Half of the households in Ohio and around the country may struggle during retirement, according to an index developed by Boston College's Center for Retirement Research. Unfortunately, the figures are even more alarming for those who have been through a divorce. Researchers say that this is largely because divorced spouses are no longer able to save money by sharing expenses. In addition, they may be facing important financial decisions for the first time.
Couples who divorce after decades of marriage may find it especially difficult to plan adequately for retirement. The problem also seems likely to get worse in the years ahead. While the overall divorce rate in the United States has remained fairly steady in recent decades, the number of couples aged 50 or older choosing to end their marriages doubled between 1990 and 2010. Many older divorced spouses rely on alimony payments to make ends meet, but changes to the nation's tax laws could make spousal support negotiations far more contentious in the future.
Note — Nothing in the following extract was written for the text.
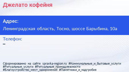 Джелато, кофейня по адресу Ленинградская область, Тосно, шоссе Барыбина, 10а в дальнейшем Организация, размещена в следующих категориях:
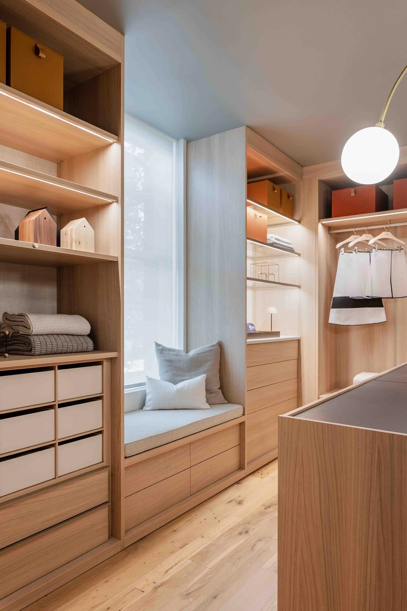 In the wardrobe area, the open wardrobe and walk-in closet Storage, designed by Piero Lissoni + CRS Porro, feature cuvée metallic elements and white cherry fittings, a light Nordic-inspired finish that reproduces

The tax rules dealing with spousal support were changed by the Tax Cut and Jobs Act. Starting with new divorces in 2019, spouses who pay alimony will no longer be able to claim these payments as expenses on their tax returns. Furthermore, recipients will no longer be expected to pay income tax on the money they receive. Experts say that this could result in lower alimony awards as spouses who make these payments generally pay higher rates of income tax than the spouses who receive it.
Family law attorneys may pay particular attention to retirement planning issues and spousal support negotiations when their clients are at risk of being left financially vulnerable during their golden years. Attorneys could also call upon financial planners and tax experts to help divorcing couples avoid costly pitfalls and mistakes during property division negotiations.